2. Una battaglia che attraversa tutta la pastorale
Essere pro-life non è un settore a parte della pastorale: è il cuore stesso della missione della Chiesa. Tutto — dalla catechesi all’oratorio, dalla liturgia alla carità — deve testimoniare che ogni persona è preziosa e amata da Dio. Una parrocchia pro-life educa alla responsabilità, accompagna le famiglie ferite, sostiene le mamme in difficoltà e custodisce la vita dei più fragili.
3. Coinvolgere i giovani: evangelizzare con i loro strumenti
I ragazzi oggi comunicano attraverso i video. Perché non invitarli a creare brevi clip sulla bellezza della vita, sull’amore familiare, sull’attesa di un figlio, sulla cura dei deboli? Potrebbero essere pubblicati sui social parrocchiali, diventando una piccola “campagna pro-life” fatta dai giovani per i giovani.
4. Formazione nelle famiglie e catechesi per adulti
Un prete pro-life non dimentica che la prima scuola della vita è la famiglia. Visitare le famiglie, ascoltarle, proporre incontri formativi e catechesi per adulti con la presenza di coppie giovani può far nascere un dialogo vivo e concreto sulla vita, l’amore e la fede.
5. Educare la coscienza: mostrare la verità sull’aborto
Non si può difendere la vita se non si conosce la tragedia dell’aborto.

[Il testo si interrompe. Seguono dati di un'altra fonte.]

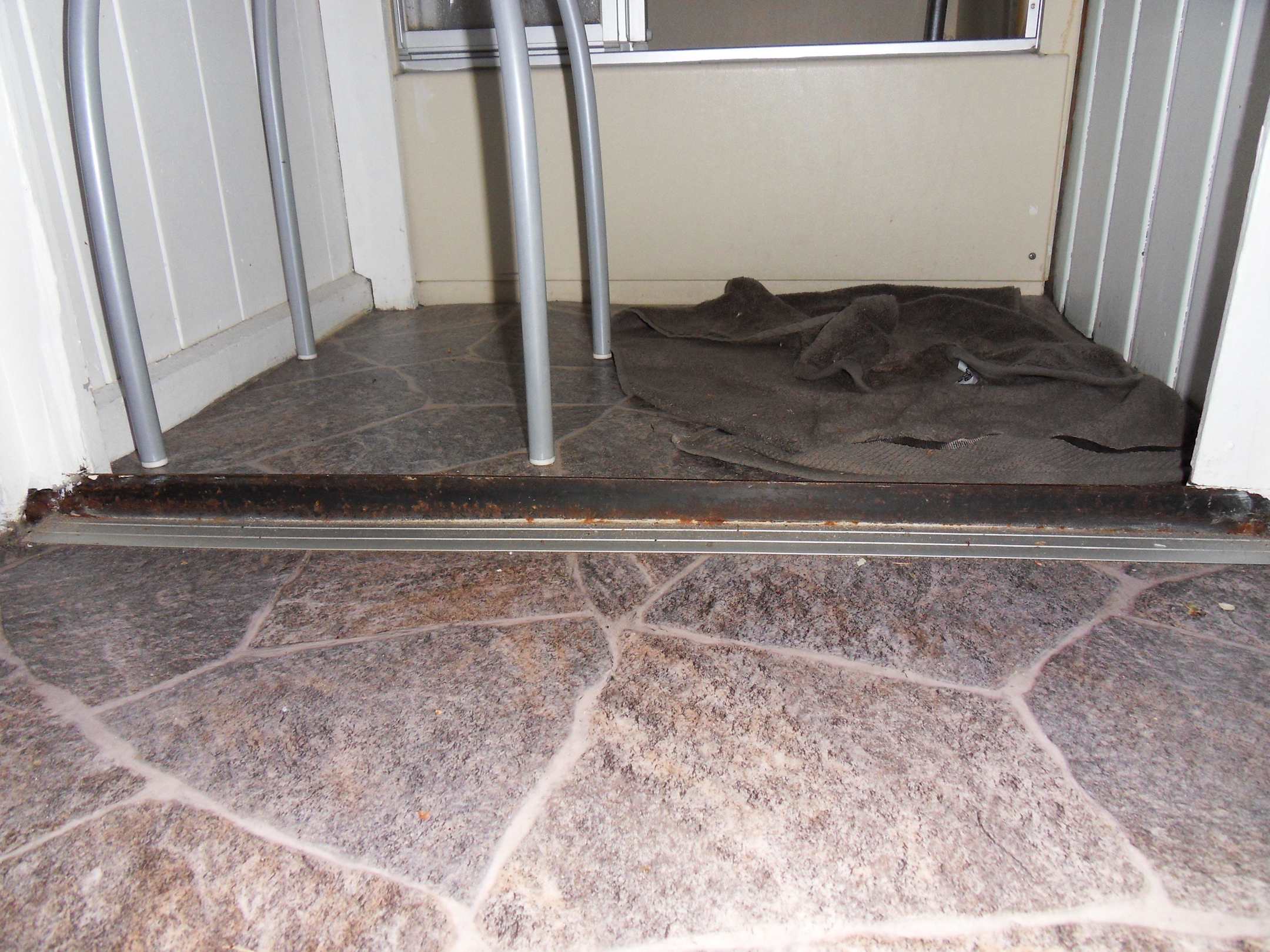Rostige metallkante zur Dusche stolpergefahr
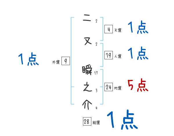 天運![]() | 二又瞬之介さんの天運は4画の1つ星!感情が不安定で苦労するかも。周囲との協調を心掛けましょう。 家系が持つ宿命的な運勢を表します。祖先から受け継いだ苗字ですので自分の力が及びません。家柄を象徴します。 |
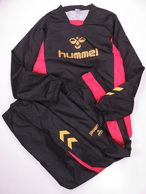 > 【送料無料】ヒュンメル hemmel セットアップ ナイロンジャージ プリント入り ラグラン袖 上下 黒 O/XL
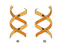 El sentido de la hélice es a derechas, esto es, cada una de las cadenas de nucleótidos gira a derechas: la hélice doble es una espiral dextrógira. Esto puede verificarse si nos fijamos, yendo de abajo arriba, en la dirección que siguen los segmentos de las hebras que quedan en primer plano. Si las dos hebras giran a derechas se dice que la hélice doble es dextrógira, y si giran a izquierdas, levógira.
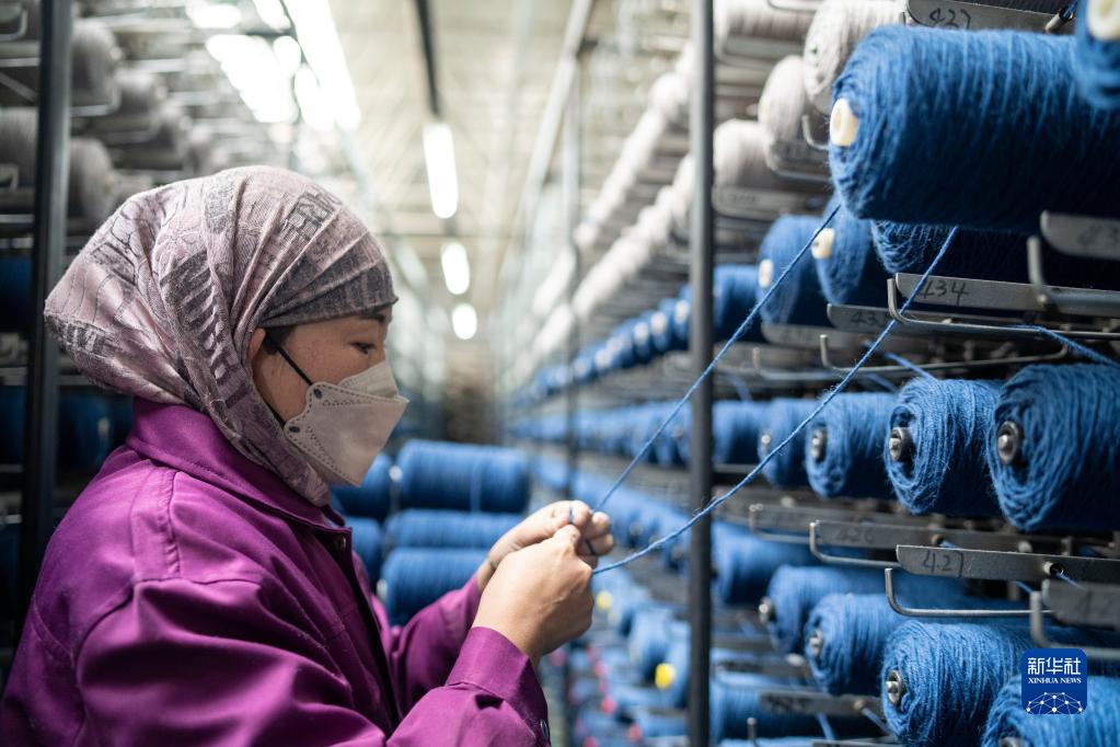 在青海省西寧市圣源地毯集團有限公司生產車間,操作工在接線頭(2月1日攝)。
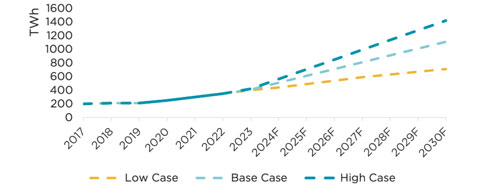 2017-2030數(shù)據(jù)中心需求對(duì)應(yīng)的預(yù)測(cè)電力消耗量(單位:TWh)
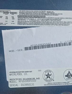 Model: KFGS306VSS02 Brand: KitchenAid (Whirlpool)

Organizzare in parrocchia momenti di testimonianza o la visione di filmati che mostrino la realtà delle ferite fisiche, psicologiche e spirituali che esso comporta può aiutare i fedeli a prendere coscienza, con carità ma anche con verità.
6. Giovani in cammino: la Marcia per la Vita
Un prete pro-life non si limita a parlare di vita: ci cammina dentro. Invitare i giovani a partecipare alla Manifestazione per la Vita a Roma, il prossimo 13 giugno, significa farli sentire parte di un popolo che testimonia la fede pubblicamente e difende la vita davanti al mondo. È un segno profetico di speranza e unità.
7. Uno sportello pro-life in parrocchia
Un gesto concreto è aprire uno sportello pro-life, magari in collaborazione con il CAV (Centro di Aiuto alla Vita), per accogliere mamme in difficoltà, coppie confuse, persone ferite da scelte difficili. La parrocchia deve essere la casa della misericordia dove nessuno si sente solo.
8. Una bacheca che parla di vita
All’esterno della chiesa, una bacheca fissa con depliant e materiali del CAV può diventare una piccola finestra di evangelizzazione: un luogo dove chi passa trova informazioni, numeri utili, parole di speranza. Anche un semplice volantino può salvare una vita.
9. Volontariato e carità pro-life
Essere pro-life non è solo dire “no” all’aborto, ma dire “sì” alla vita concreta. Proporre attività di volontariato presso case famiglia, centri per mamme sole o progetti di adozione a distanza aiuta a far crescere nei giovani e negli adulti una mentalità di accoglienza e di amore attivo.
10. Dove manca Dio, manca l’uomo
Alla radice di ogni cultura di morte c’è l’assenza di Dio. Quando l’uomo dimentica il suo Creatore, dimentica anche se stesso. Solo ritrovando Dio, l’uomo ritrova la propria dignità, e la vita torna a essere accolta come dono, non come problema.
Conclusione
Il prete pro-life non è un attivista, ma un pastore che custodisce la vita come dono di Dio. Annuncia, educa, accompagna, accoglie. La sua voce non è solo morale, ma profetica: è la voce del Buon Pastore che dice a ogni persona, nascitura o anziana, malata o sola, “tu sei preziosa ai miei occhi e io ti amo” (Is 43,4).
“Difendere la vita è il primo atto di fede nella potenza dell’Amore di Dio.”